1. GRCoordinates object. G provides cell locations, connection coefficients, and the covariant and contravariant metric gcov/gcon (as well as the metric determinant and other neat coordinate tools and info). As seen in the example, gcon is indexed by cell location, indices j and i corresponding to X2/X1 location (the metric is assumed symmetric in X3/$\phi$), and lastly the particular element of the 4x4 array. KHARMA currently stores all 16 values at each i, j zone despite the redundancy -- even if this is changed in the future, the interface will not be affected.
2. VariablePack object. This is basically Kokkos View, as described above, and behaves like an array. While these are templated on the type used in the pack, you will only ever see VariablePack<Real> (see the convention).
3. VarMap structs. The VarMap is a KHARMA-specific struct for recording the starting index of each variable inside a VariablePack -- that is, it's a collection of indices just like the macros RHO,UU, etc in iharm3D. Except, since packs are constructed on the fly, these indices can change from pack to pack. The VarMap of primitive variables is traditionally called m_p and of conserved variables m_u. The naming convention for variables dates from the macros found in earlier versions of HARM: RHO, UU, U1, U2, U3, B1, B2, B3. Preserving continuity with these versions, the same names are used for the conserved variables -- even though, for example, m_u.UU is actually $T^0_0$, the total stress-energy tensor component, not just internal energy. Plenty more variables need indexes when additional physics is enabled: you can find the full list of possible names in the file types.hpp. Any variable not present in the pack will have index -1, so we can check whether a variable is present in a given pack by testing that the index is >= 0.
4. FourVectors struct. Consists of 4 arrays 4 elements long, ucon, ucov, bcon, bcov, representing what you'd expect.

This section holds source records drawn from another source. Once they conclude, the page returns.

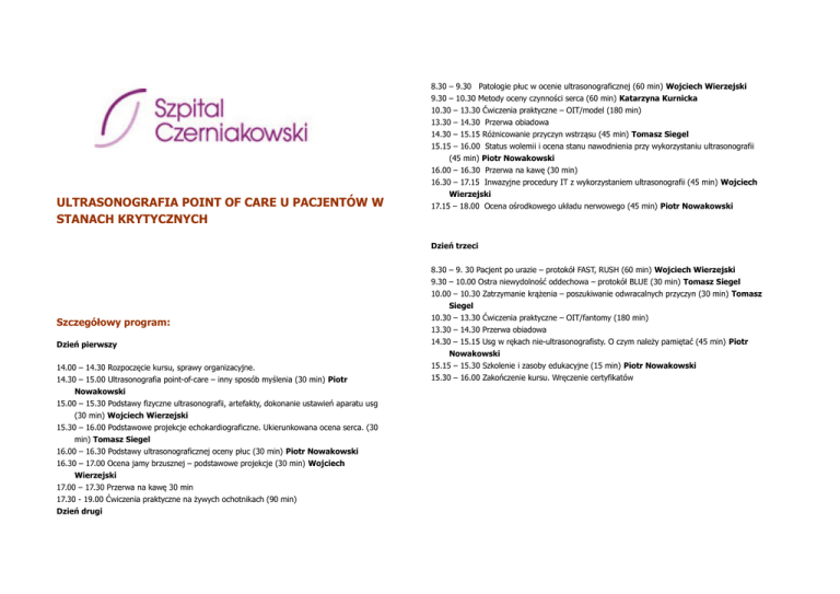 ULTRASONOGRAFIA POINT OF CARE U PACJENTÓW W STANACH KRYTYCZNYCH 8.30 – 9.30 Patologie płuc w ocenie ultrasonograficznej (60 min) Wojciech Wierzejski 9.30 – 10.30 Metody oceny czynności serca (60 min) Katarzyna Kurnicka 10.30 – 13.30 Ćwiczenia praktyczne – OIT/model (180 min) 13.30 – 14.30 Przerwa obiadowa 14.30 – 15.15 Różnicowanie przyczyn wstrząsu (45 min) Tomasz Siegel 15.15 – 16.00 Status wolemii i ocena stanu nawodnienia przy wykorzystaniu ultrasonografii (45 min) Piotr Nowakowski 16.00 – 16.30 Przerwa na kawę (30 min) 16.30 – 17.15 Inwazyjne procedury IT z wykorzystaniem ultrasonografii (45 min) Wojciech Wierzejski 17.15 – 18.00 Ocena ośrodkowego układu nerwowego (45 min) Piotr Nowakowski Dzień trzeci Szczegółowy program: Dzień pierwszy 14.00 – 14.30 Rozpoczęcie kursu, sprawy organizacyjne. 14.30 – 15.00 Ultrasonografia point-of-care – inny sposób myślenia (30 min) Piotr Nowakowski 15.00 – 15.30 Podstawy fizyczne ultrasonografii, artefakty, dokonanie ustawień aparatu usg (30 min) Wojciech Wierzejski 15.30 – 16.00 Podstawowe projekcje echokardiograficzne. Ukierunkowana ocena serca. (30 min) Tomasz Siegel 16.00 – 16.30 Podstawy ultrasonograficznej oceny płuc (30 min) Piotr Nowakowski 16.30 – 17.00 Ocena jamy brzusznej – podstawowe projekcje (30 min) Wojciech Wierzejski 17.00 – 17.30 Przerwa na kawę 30 min 17.30 - 19.00 Ćwiczenia praktyczne na żywych ochotnikach (90 min) Dzień drugi 8.30 – 9. 30 Pacjent po urazie – protokół FAST, RUSH (60 min) Wojciech Wierzejski 9.30 – 10.00 Ostra niewydolność oddechowa – protokół BLUE (30 min) Tomasz Siegel 10.00 – 10.30 Zatrzymanie krążenia – poszukiwanie odwracalnych przyczyn (30 min) Tomasz Siegel 10.30 – 13.30 Ćwiczenia praktyczne – OIT/fantomy (180 min) 13.30 – 14.30 Przerwa obiadowa 14.30 – 15.15 Usg w rękach nie-ultrasonografisty. O czym należy pamiętać (45 min) Piotr Nowakowski 15.15 – 15.30 Szkolenie i zasoby edukacyjne (15 min) Piotr Nowakowski 15.30 – 16.00 Zakończenie kursu. Wręczenie certyfikatów
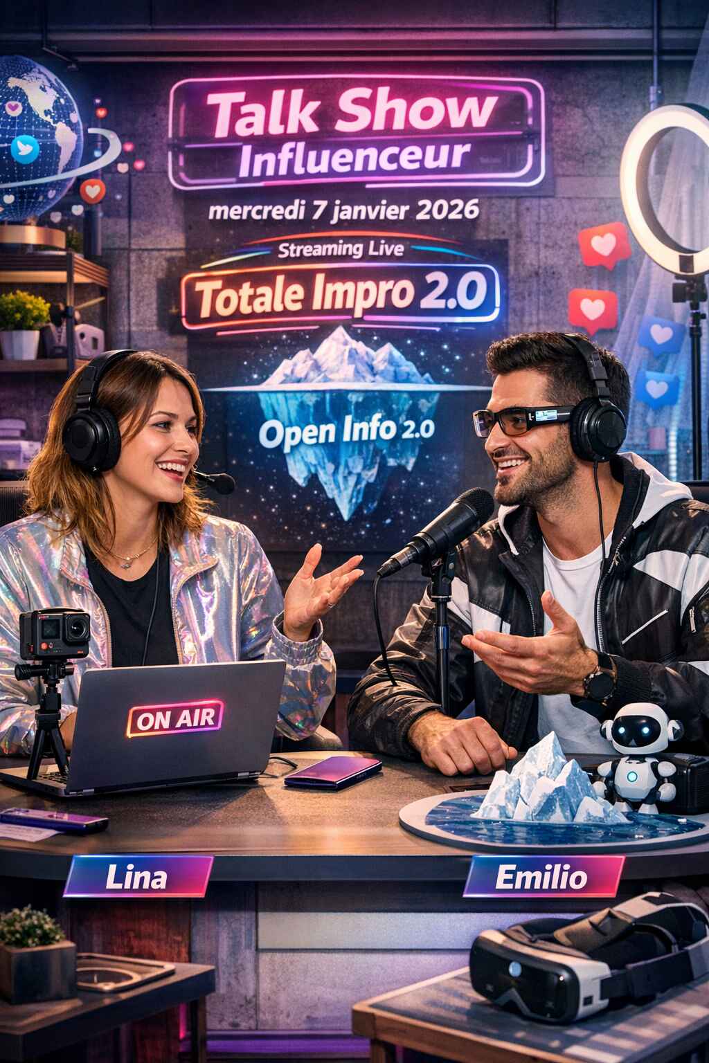 2️⃣ [Playlist] Talk Show Influenceur du 07/01/2026 – Ne manquez rien > regardez l’émission en entier : https://www.totaleimpro20.tv/video/%f0%9f%94%b4-live-talk-show-influenceur-du-mer-7-01-2026-totale-impro-2-0-grand-sud-ouest-parisien/
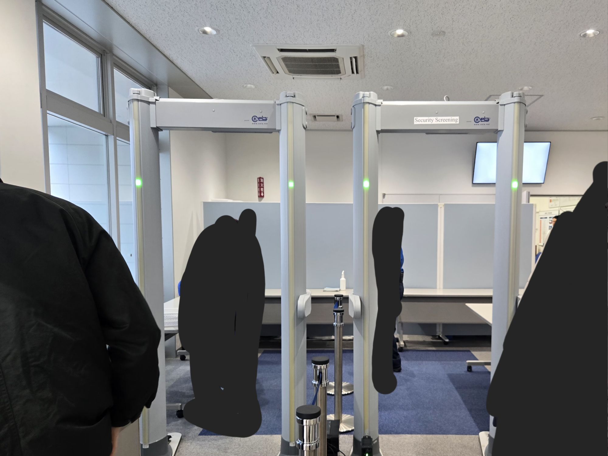 予定時刻となり、集合場所へ向かうと手荷物検査を受ける。
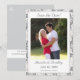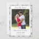This design encompasses the essence of elegance. A champagne-pink background image of delicate lace surrounds a rectangular background to the photo you supply. Heading is displayed in a silver-colored Nuptial font above photo. Names of Bride and Groom are displayed below photo in same Nuptial font. Date of wedding plus city and state are featured below names. Reverse features a silver-colored background. Top corner displays initials of Bride and Groom linked together at top left corner. Room for bridal registry information is featured at bottom against a white strip. Designed to coordinate with the Champagne-Pink Lace Catholic Wedding Suite.

The remaining arguments are the the zone number k,j,i on which to operate (indexed within the current mesh block), and the particular zone location where the calculation is taking place (usually the zone center, sometimes the zone face when computing fluxes).

Implementation

The main thing to note (hopefully) is that the implementation of device-side functions looks pretty similar to the C-based functions in e.g. iharm3D or iharm2d_v4. Except for the translation []->(), RHO->m_p.RHO, NDIM->GR_DIM, etc., the operations remain the same as in those codes.

The macros DLOOPN are defined in decs.h, and loop variables mu, nu, lam, kap through indices 0-3, in that order. VLOOP does the same for indices 0-2 on index v. G.lower() is just a convenience function for contracting with the covariant metric.

Tutorials

For more advanced Kokkos usage, there is a set of tutorials at the kokkos-tutorials GitHub page, working through Kokkos features in a more studied and comprehensive way than I can do here.